FIG. 2 is a schematic sectional view showing the basic structure of the film structure of an embodiment of the optical recording medium of the present invention.

In the optical recording medium shown in FIG. 2, a first dielectric film 21 is provided on the transparent substrate 11 shown in FIG. 1, a magneto-optical film 22 is provided thereon, and a second dielectric film 22 is provided thereon. The body membrane 23 is provided in order.

FIG. 3 is a schematic sectional view showing the basic structure of the film structure of the second embodiment of the optical recording medium of the present invention.

In the optical recording medium shown in FIG. 3, a first dielectric film 31 is provided on the transparent substrate 11 shown in FIG. 1, a magneto-optical film 32 is provided thereon, and a second dielectric film is provided thereon. The body film 33 is provided, and the metal film 34 is sequentially provided on the body film 33.

FIG. 4 is a schematic sectional view showing the basic structure of the film structure of the third embodiment of the optical recording medium of the present invention.

In the optical recording medium shown in FIG. 4, a first dielectric film 41 is provided on the transparent substrate 11 shown in FIG. 1, a phase change film 42 is provided thereon, and a second dielectric film is provided thereon. The body membrane 43 is provided in order.

FIG. 5 is a schematic sectional view showing the basic constitution of the film constitution of the fourth embodiment of the optical recording medium of the present invention.

In the optical recording medium shown in FIG. 5, a first dielectric film 51 is provided on the transparent substrate 11 shown in FIG. 1, a phase change film 52 is provided thereon, and a second dielectric film 52 is provided thereon.

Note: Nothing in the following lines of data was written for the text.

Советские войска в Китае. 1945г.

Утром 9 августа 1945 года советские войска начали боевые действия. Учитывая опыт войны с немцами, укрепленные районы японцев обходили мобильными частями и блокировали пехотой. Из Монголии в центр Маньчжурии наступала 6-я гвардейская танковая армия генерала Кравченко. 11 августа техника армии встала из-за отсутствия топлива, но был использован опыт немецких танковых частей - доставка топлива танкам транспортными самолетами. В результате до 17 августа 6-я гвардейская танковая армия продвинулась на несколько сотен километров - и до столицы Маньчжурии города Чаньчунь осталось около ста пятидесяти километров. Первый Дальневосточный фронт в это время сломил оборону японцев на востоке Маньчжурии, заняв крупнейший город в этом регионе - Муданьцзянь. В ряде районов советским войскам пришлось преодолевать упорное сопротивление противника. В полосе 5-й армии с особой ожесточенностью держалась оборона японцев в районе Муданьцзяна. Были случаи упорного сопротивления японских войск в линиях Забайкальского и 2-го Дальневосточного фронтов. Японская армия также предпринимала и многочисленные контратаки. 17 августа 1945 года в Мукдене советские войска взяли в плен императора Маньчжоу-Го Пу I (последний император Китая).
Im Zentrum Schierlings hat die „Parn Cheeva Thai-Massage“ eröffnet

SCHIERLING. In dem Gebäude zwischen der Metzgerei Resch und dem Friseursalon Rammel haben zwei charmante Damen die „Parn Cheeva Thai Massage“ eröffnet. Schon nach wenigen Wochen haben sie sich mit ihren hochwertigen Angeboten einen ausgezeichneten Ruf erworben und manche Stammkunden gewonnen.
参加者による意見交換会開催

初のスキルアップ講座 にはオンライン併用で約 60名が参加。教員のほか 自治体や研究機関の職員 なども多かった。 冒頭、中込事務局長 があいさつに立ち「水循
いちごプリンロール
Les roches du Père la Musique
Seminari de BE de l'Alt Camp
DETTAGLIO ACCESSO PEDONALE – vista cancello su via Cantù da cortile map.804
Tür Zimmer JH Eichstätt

The body film 53 is provided, and the metal film 54 is sequentially provided on the body film 53.

While these optical recording media have the configurations as shown in FIGS. 2 to 5, information may be recorded and reproduced by injecting laser light through the transparent substrate 11.
In addition, a protective film such as a UV curable resin may be provided on it. Further, by coating a hot-melting agent on a protective film such as a UV curable resin, the two optical recording media are attached to each other so that the transparent substrate is on the outer side or a dummy substrate is placed so that the transparent substrate is on the outer side. It may be pasted together.

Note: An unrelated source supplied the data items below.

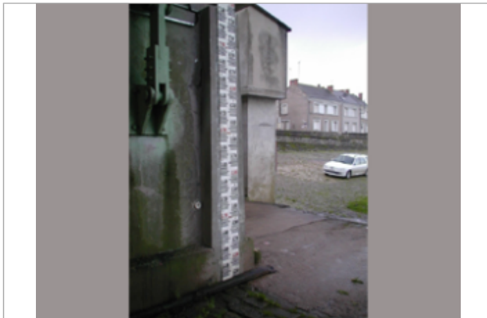
Vue du site BDHE 288 point de repère 358

Coordonnées WGS84 : X: -0.86111720 / Y: 47.39229010
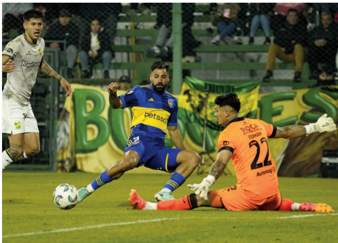
El equipo de la Ribera reaccionó y logró sumar un punto.

El Xeneize, que viene de empatar con Independiente del Valle, empató 2-2 en su visita al Halcón. Ramos Mingo y Molinas anotaron para el local, Merentiel y Gutiérrez en contra para el visitante.
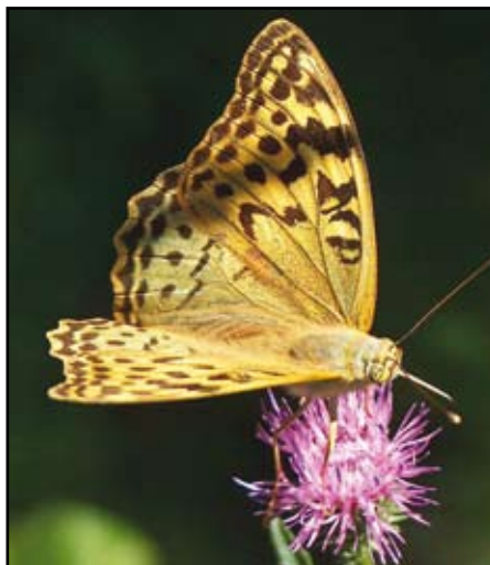
A lepke szárnyfelszíne a többi gyöngyházlepke fajhoz hasonló

A lepkék világában 62-80 milliméteres szárnyfesztávolságával közepes nagyságúnak mondható fajon jól észrevehető az ivari kétalakúság. A hím szárnyai barnás-sárga alapszínűek; mindemellett az elülső szárny tő körüli és a hátulsó szárny belső része zöldes. A hímre jellemző alapszín a nősténynél csupán az elülső szárny csúcánál és annak külső szegélyén, valamint a hátulsó szárny utóbb említett hasonló részén figyelhető meg (másfelé zöldes a megjelenés). A fajra jellemzően mindkét nemnél az elülső szárny fonák oldalának csúcshoz közeli tere élénken zöldes, a többi része fekete foltokkal tarkítva húspiros színű. A hátulsó szárny fonák oldala élénkzöld, díszítését ezüstös-fehéres haránt irányú sávok, vonalak és pontok adják. A tor és potroh szőrei a szárnyakhoz hasonló alapszínűek. A lepke hosszú pödörnyelvét pihenés vagy repülés közben feje alsó részénél felteker-cselve tartja.
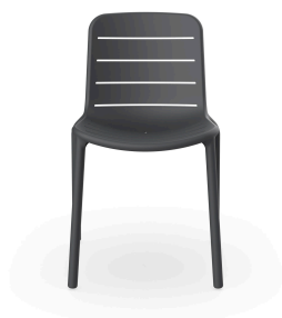
Chaise Gina gris foncé 06461

Furthermore, when an antireflection film such as SiO2, a surface-hardened film of a transparent organic resin having a high hardness, or a transparent film having a high conductivity is provided on the transparent substrate 11 on the side opposite to the recording film. There is also.

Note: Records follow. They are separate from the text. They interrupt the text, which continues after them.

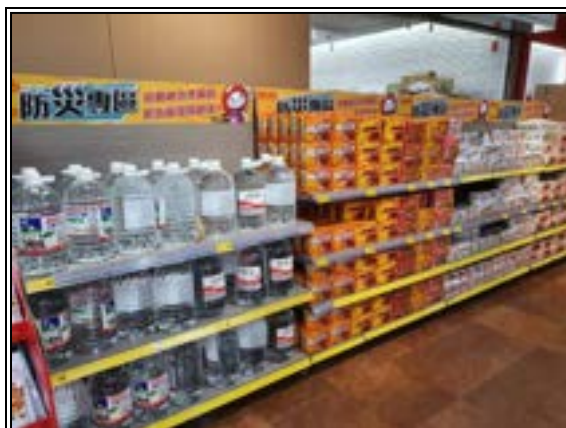
圖 20、賣場專區(防災儲備)
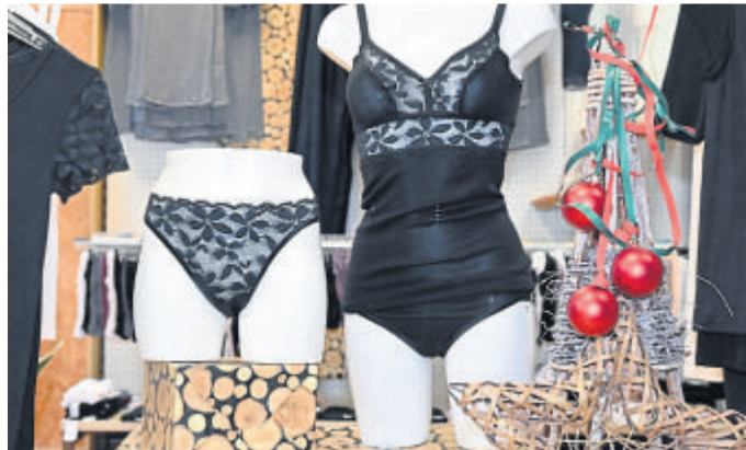
Blick auf schöne Wäsche mit Spitze.

Kontakt: HERMKO, Marktstraße 6, 35781 Weilburg, Telefon 06471-2195, www.hermko.de.
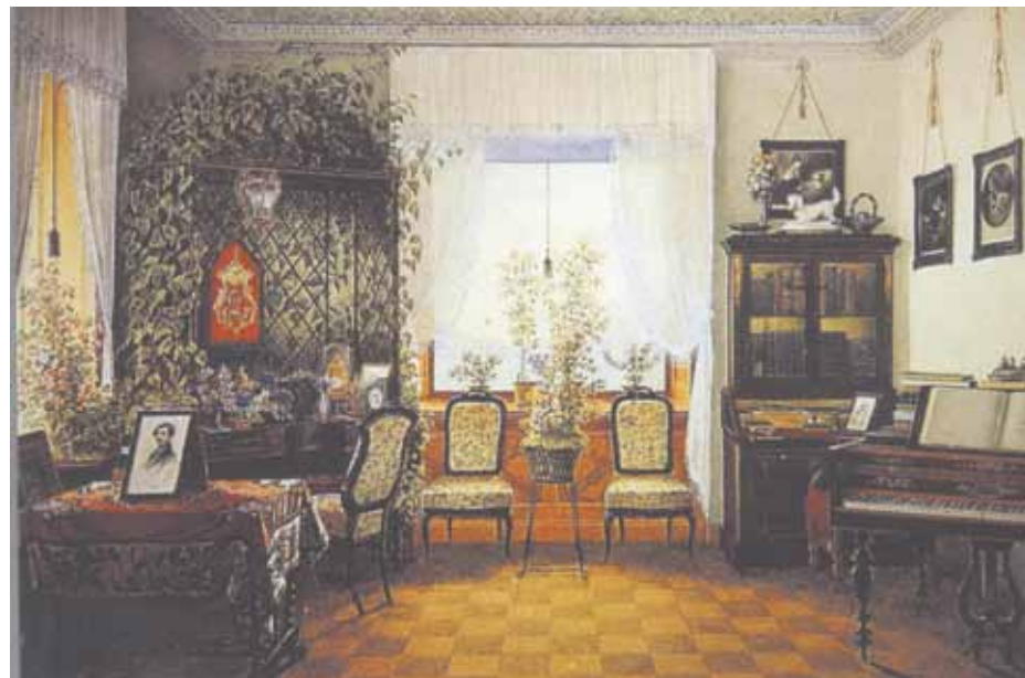
Э. Гау. Девичья комната великой княжны Александры Николаевны в Коттедже

FIG. 6 is a partially enlarged view of a preformat of another optical recording medium of the present invention, (a) is a plan view and (b) is B.
It is -B sectional drawing.

In the figure, on the surface of the transparent substrate 61, there are high-level tracks (L) as tracks for recording information.
(N) or the like) and low-place tracks (G (n) or the like) are alternately provided, and the low-rise portion 62 is formed in the high-rise truck so that the low-rise truck can carry the address. By forming 63, the address is assigned. When detecting the address of the high place track, the circuit is switched to the electric circuit for detecting the low part 62, and when detecting the address of the low place track, the circuit is switched to the electric circuit for detecting the high part 63. You can identify the address. The above-described roles of the high-altitude track and the low-altitude track may be reversed depending on the method of manufacturing the stamper for forming the preformat, but here, the light beam of the master exposure device for manufacturing the stamper is used. A case will be described in which a low-light truck is irradiated with a beam. The low-side track is produced by irradiating the first light beam of the master exposure device. By partially interrupting the irradiation of the first light beam, the high part 63 of the low track is produced. The low portion 62 of the high-altitude track is produced by irradiating this portion with the second light beam.

FIG. 7 is a schematic sectional view showing the basic constitution of the film constitution of the fifth embodiment of the optical recording medium of the present invention.

In the optical recording medium shown in FIG. 7, a first dielectric film 71 is provided on the transparent substrate 61 shown in FIG. 6, a magneto-optical film 72 is provided thereon, and a second dielectric film 72 is provided thereon. The body membrane 73 is provided in order.

FIG. 8 is a schematic sectional view showing the basic constitution of the film constitution of the sixth embodiment of the optical recording medium of the present invention.

In the optical recording medium shown in FIG. 8, a first dielectric film 81 is provided on the transparent substrate 61 shown in FIG. 6, a magneto-optical film 82 is provided thereon, and a second dielectric film is provided thereon. The body film 83 is provided, and the metal film 84 is sequentially provided on the body film 83.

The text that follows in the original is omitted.